2.5-D Numerical Simulation of Acoustic Wave Propagation

Abstract

—Endeavors to simulate the 3-D seismic wave propagation effects in the 2-D environment have stimulated the development of 2.5-D simulation techniques. Liner (1991) has developed a damped 2.5-D acoustic wave equation using the 3-D Green's function for a constant density medium. This paper presents the finite-difference simulation and study of various numerical artifacts, using Liner's acoustic wave equation. Comparisons of second-order as well as fourth-order accurate 2.5-D and 2-D acoustic wave simulation results have been given. The snapshots at different times and zero off-set response of a salt dome model have been computed and strong reflections and diffraction phases have been reported.

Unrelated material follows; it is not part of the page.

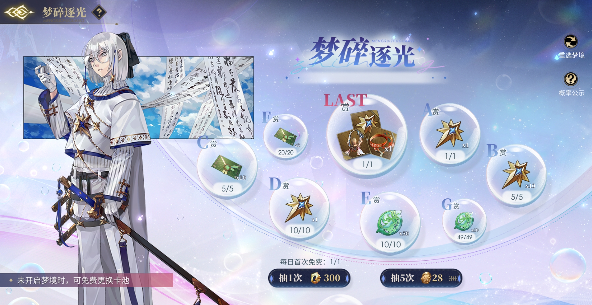 活动期间龙子大人可通过主界面左下角活动按钮进入「梦碎逐光」活动页面。并选择一个梦境作为自己的参与主题(可通过页面中右上角“重选梦境”按钮随时更换重置),参与活动有机会「镜灵专属藏品」、「镜灵专属藏品碎片」、「藏品升级道具」等级奖励。

Also, the analysis of amplitude behaviors and computational time for Liner's (1991) and Williamson and Pratt's (1995) 2.5-D wave equations, with and without the last term (1/t 2),reveals that this last term is superfluous as suggested by Stockwell (1995). The effectiveness of Sponge transmissive as well as Clayton and Engquist (1980) absorbing boundary conditions has been studied. A modified Ricker wavelet, the second derivative of the convolution of Gaussian function and a polynomial window, has been used as a source. It has been found that the stability condition and the requirement of the number of grid points per wavelength to avoid grid dispersion are the same as for the 2-D acoustic cases.